> _Exercise objective_:
Exact retyping of the data: please keep every word and drop each picture.

===== Data section =====

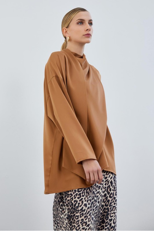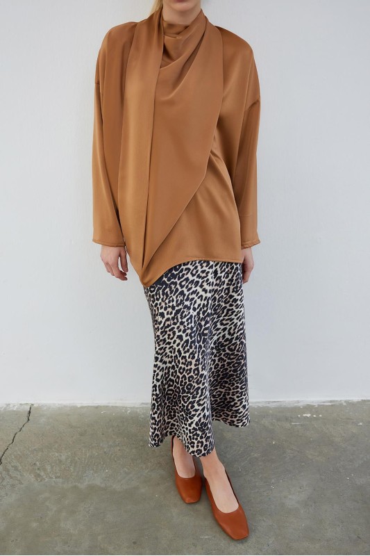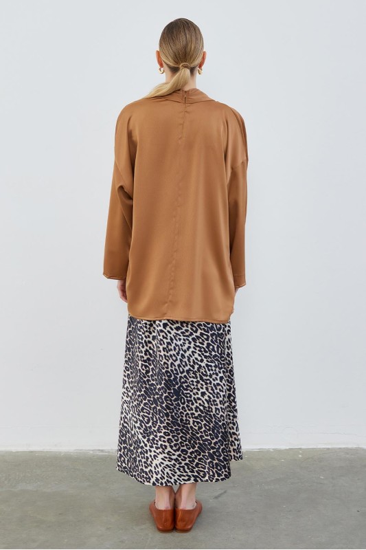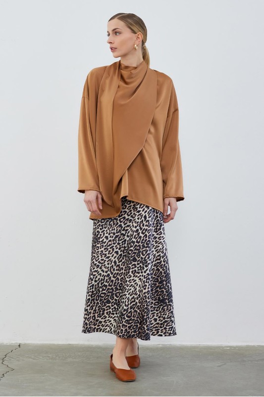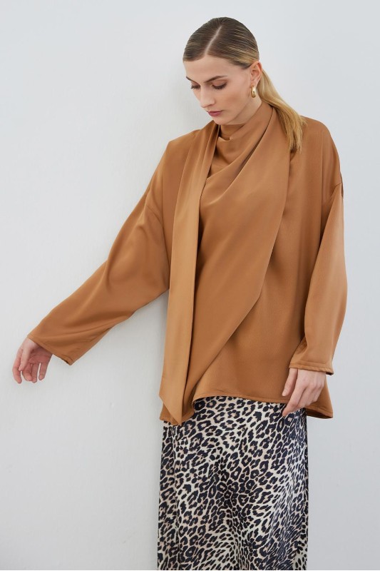 Kuva Saten Fularlı Tunik Cappuccino
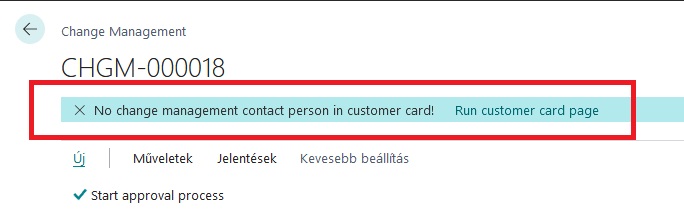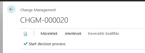 Continue processing the document started above by starting the approval process by clicking on the button shown in the image above. (F2 hotkey can also be used) This will start the approval process. The process may take a little time, because this is when internal notification letters are sent, if they are enabled. After the approval is started, the header, the description of the changes and the cost implications will not be editable. The system indicates the end of the startup with a message. The status of the document will change to "under approval" and the internal approval list will become editable for those who have decision rights.
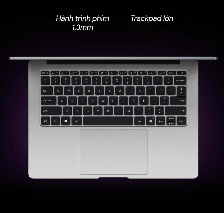 Bàn phím trên máy có kích thước đầy đủ, hành trình phím 1.3mm, tạo cảm giác gõ thoải mái và chính xác, phù hợp cho cả làm việc lâu dài.

=====

> _Answer box_:
 Kuva Saten Fularlı Tunik Cappuccino
 Continue processing the document started above by starting the approval process by clicking on the button shown in the image above. (F2 hotkey can also be used) This will start the approval process. The process may take a little time, because this is when internal notification letters are sent, if they are enabled. After the approval is started, the header, the description of the changes and the cost implications will not be editable. The system indicates the end of the startup with a message. The status of the document will change to "under approval" and the internal approval list will become editable for those who have decision rights.
 Bàn phím trên máy có kích thước đầy đủ, hành trình phím 1.3mm, tạo cảm giác gõ thoải mái và chính xác, phù hợp cho cả làm việc lâu dài.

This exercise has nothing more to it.